Aquatically, they steered ‘kai tens’(essentially motorized mines with rudders attached) into ships. On The Indianapolis’ last night afloat, it was overcast. The Nippon Submersible that trailed it couldn’t see well enough to aim. When they surfaced, they intended to use their kai tens. Before they got them out, the clouds parted, and moonbeams lent them adequate light to focus. They fired six torpedos, then submerged. Two of them hit the mariner. The cinematic yarn purported the vessel sank so quickly, no time was available to send a distress signal. In fact, an international mayday was transmitted. It was received at multiple posts, but wasn’t heeded because it was suspected of being an enemy trick. The soldiers in the water were there for days. Sharks decimated their numbers.

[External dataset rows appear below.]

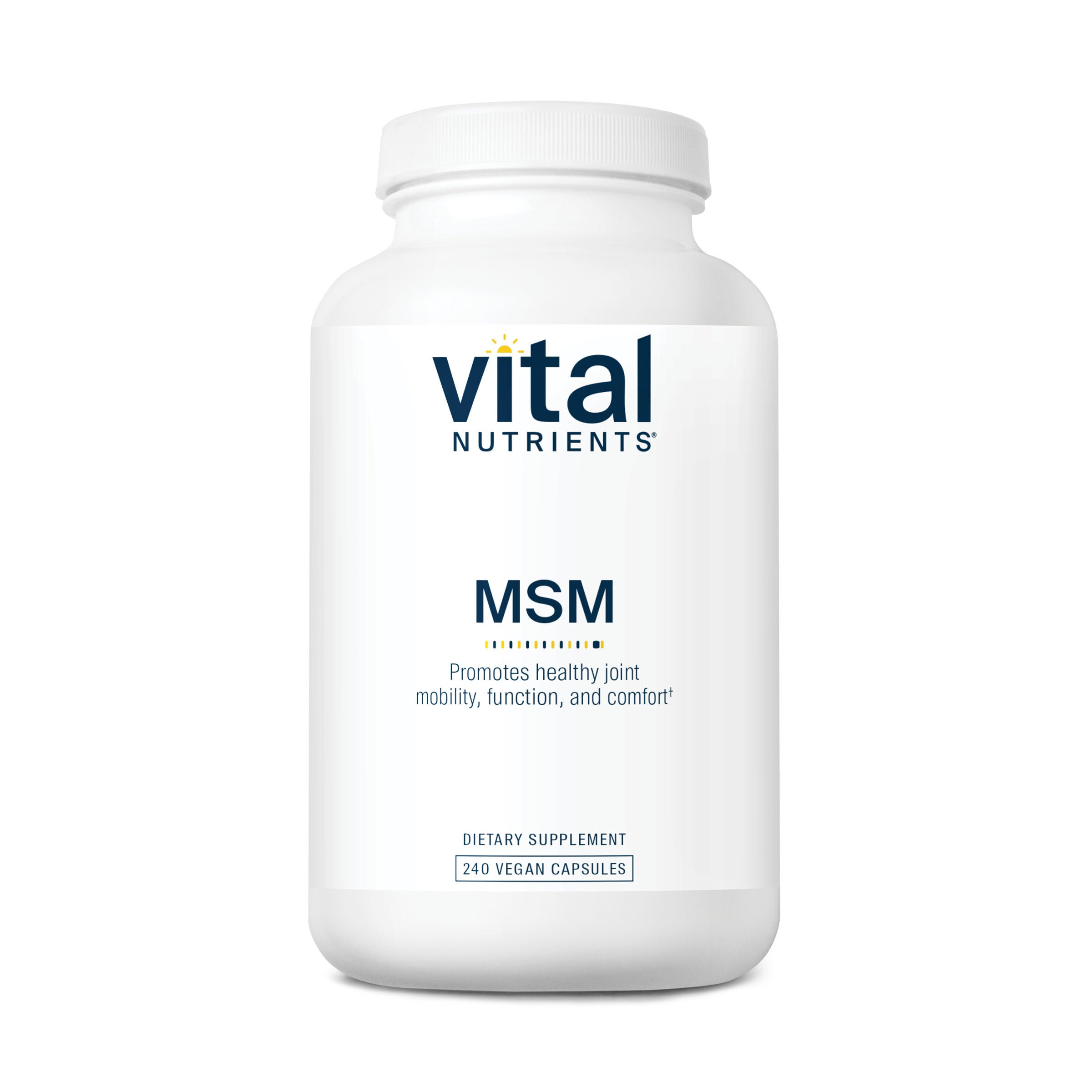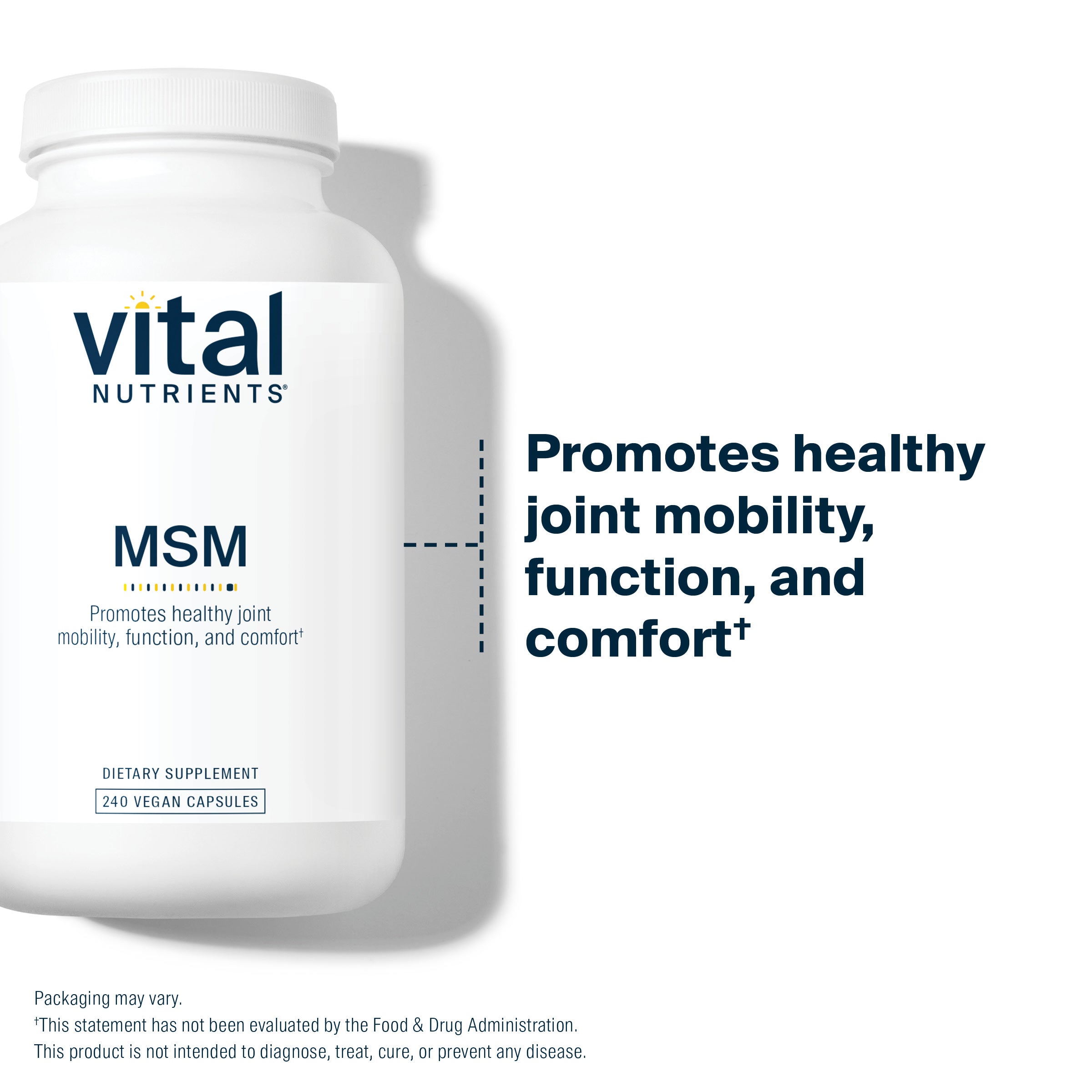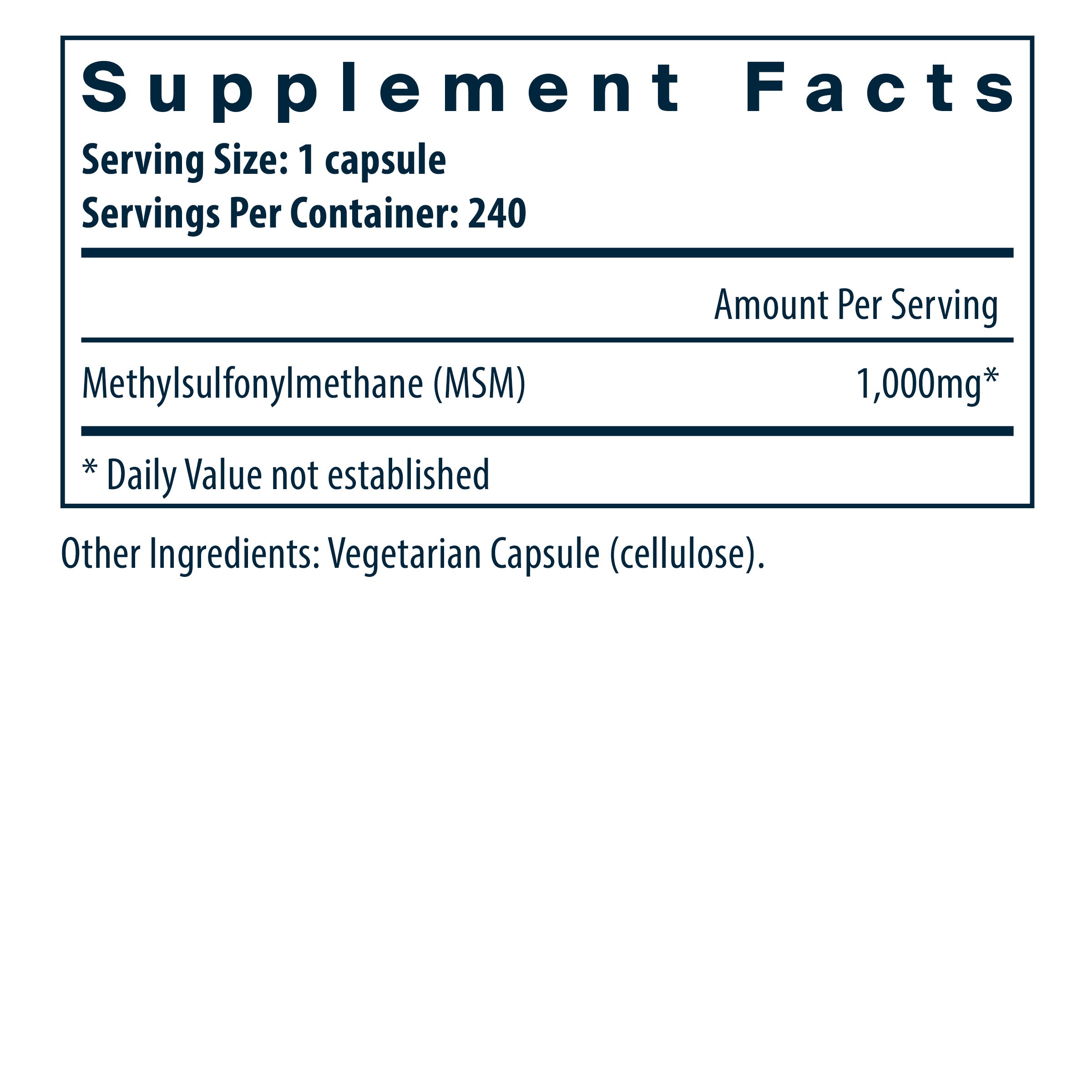 MSM 1000mg provides methylsulfonylmethane, an odorless form of organic sulfur that is naturally occurring in small amounts in fruits, vegetables, grains, and animals. In vitro studies have suggested that MSM may act as an antioxidant.* MSM supports normal tissue function.* MSM supplements may also promote joint health by supporting healthy mobility and function, as well as by maintaining normal joint comfort.* MSM 1000mg may also help promote stable cell membranes, inflammatory balance and colon health.*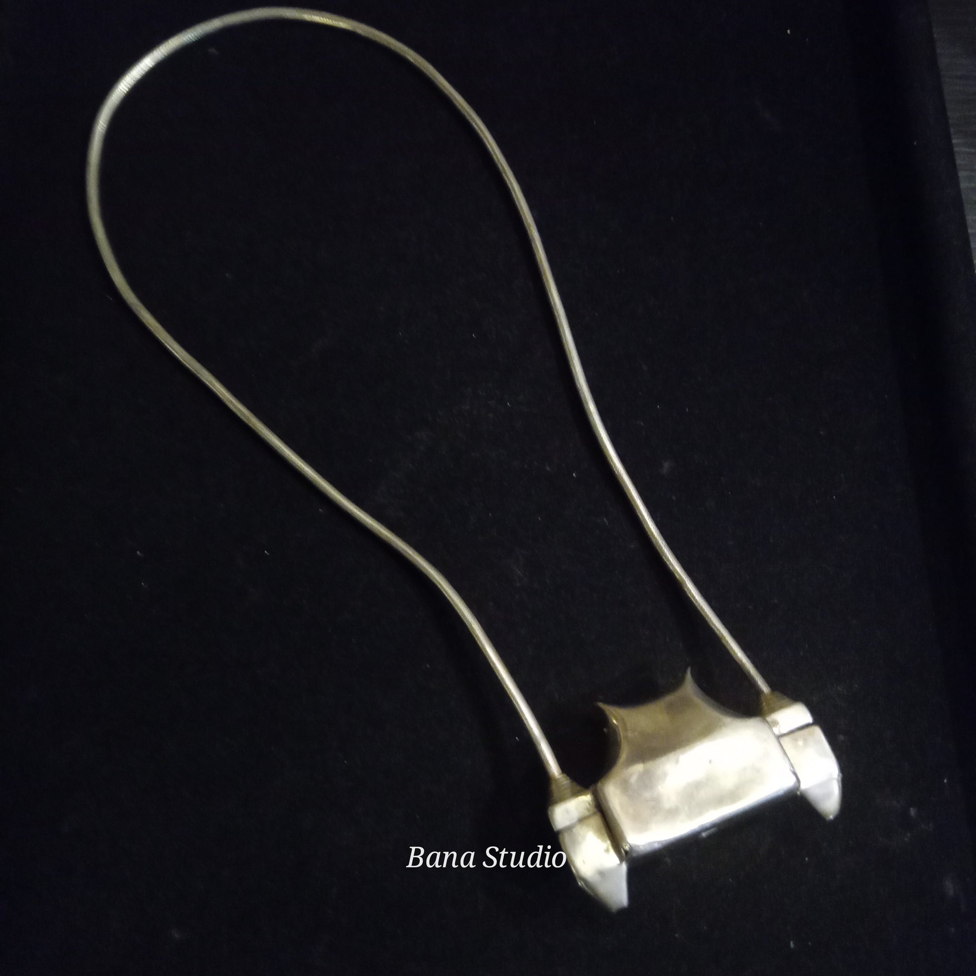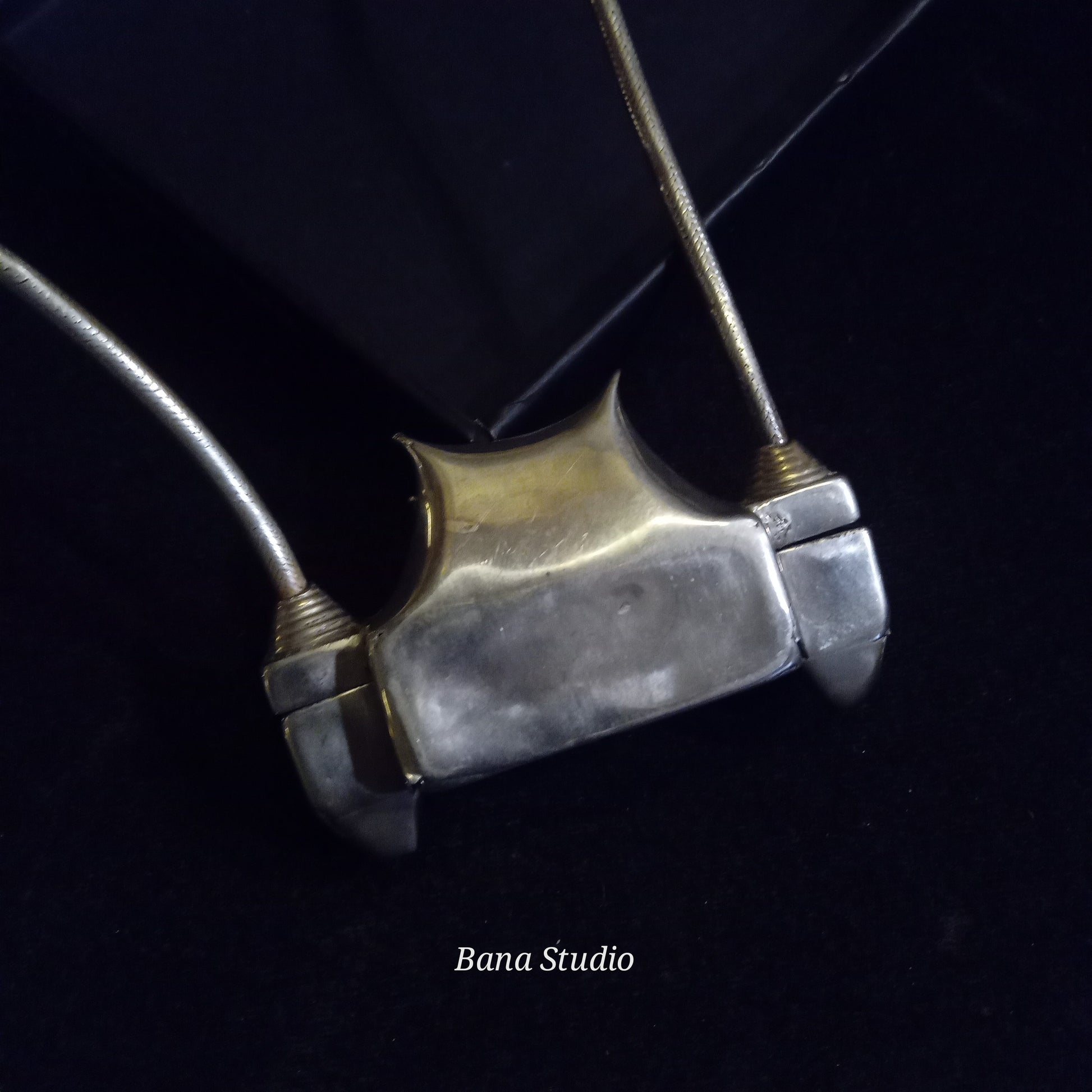 Vintage silver Lingam casket of Shavites Basava Lingayats in square form from Karnataka. The projection symbolizes stylised Bull horn, reference to Nandi. Pendant height 4cm, width 7cm and depth 2.3cm. Fall 12 inch.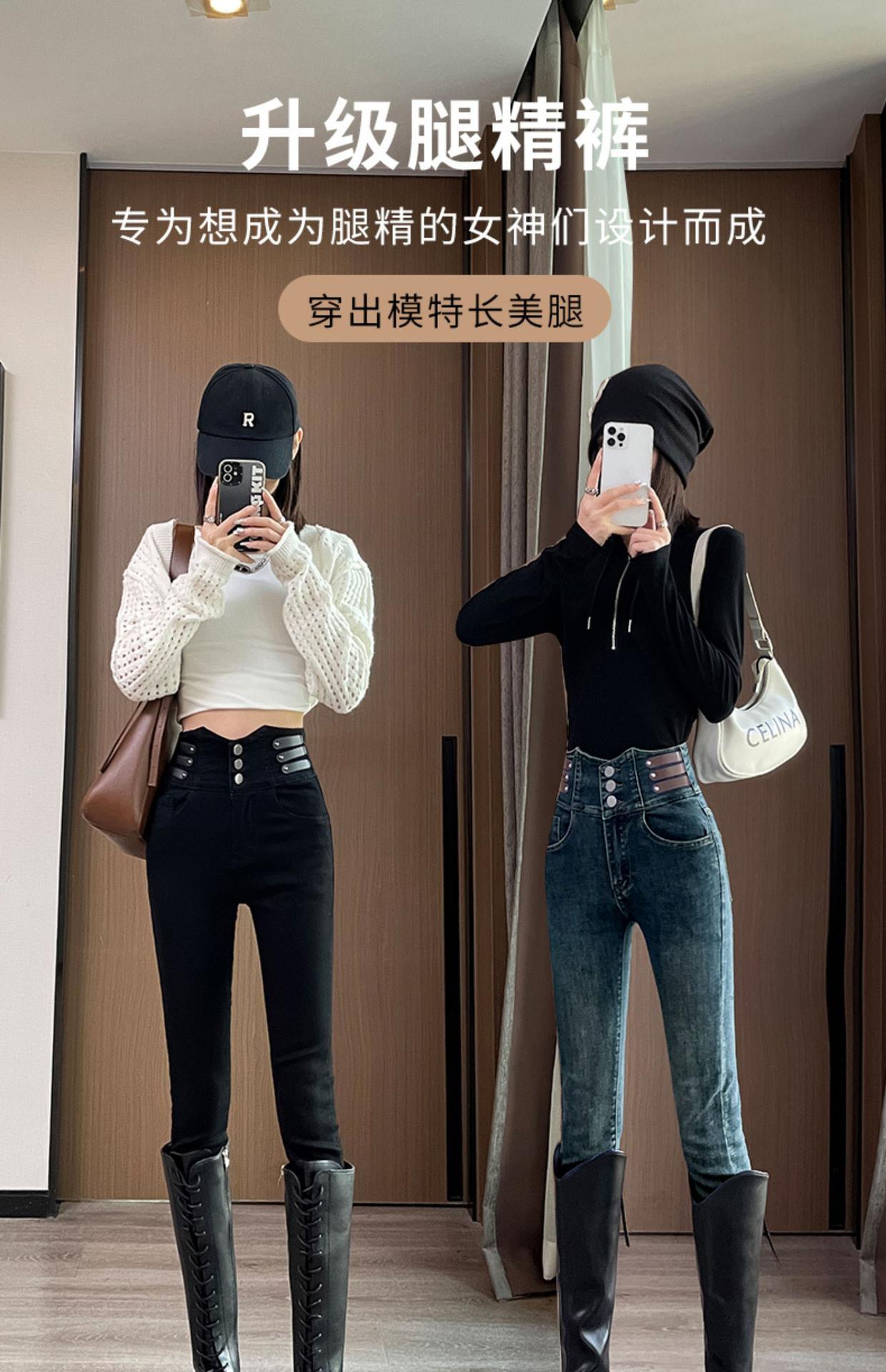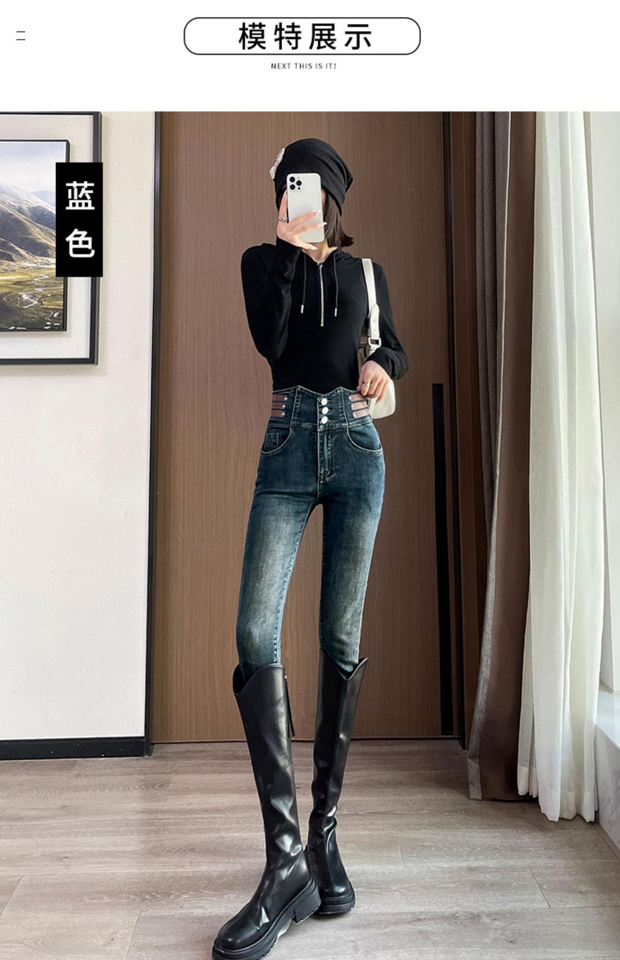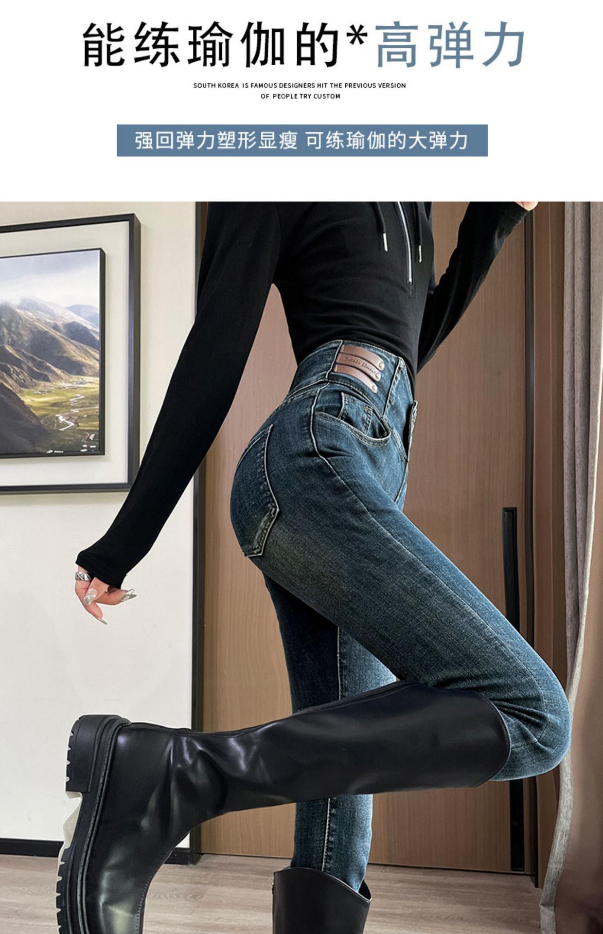 Pantalones pitillo ajustados y elásticos de otoño e invierno para mujer 2023, pantalones pitillo de mezclilla de cintura alta y ajustados, combinables con todo.

The swabbies got in groups. When a fin headed toward them, they would all slap the water.

They say now slapping sounds attract sharks.

I imagined the dark nights were awful. Their life vests, designed to remain buoyant for just a few days, sank when they became sodden.

I got as far out in the ocean as the ride went, and the boat began a gradual turn to head back to the waterfront. I had done this several times. When the tug got in close, they ran along analogous to the land, and I reached over the shoulder closest to terra firma (usually the left), and pulled on a strap. Through some aerodynamic wizardry, the maneuver caused the chute to veer over the sands. When that happened, the boatswain shut the craft’s engine down. The tripper drifted earthward. The same crowd who hoisted the silk trotted to and fro beneath like a footballer watches a kickoff in the air, then caught the tourist to prevent any injury.

About halfway through the turn, there was a revolting development. The outboard coughed, and died. There was a hundred feet of nyloned ski rope between the boat and the parapluie. In a couple seconds, as I drifted down, I could hear them grind the starter as they tried to recrank it.

‘They’ll prob’ly get it goin’ again ‘afore I ditch’, I thought desperately. The hope evaporated as I saw my reflection in the hyaline rushing up to meet me. There was no doubt I was going in. I scanned all around for any dorsal fins. ‘Anyway’, my subconscious said weakly, ‘That show was filmed in The Atlantic. This is The Pacific’.

I plunged in, came up and sputtered, then the bumbershoot descended over my head.

I watch a lot of television. Unlike most folks, I favor documentaries.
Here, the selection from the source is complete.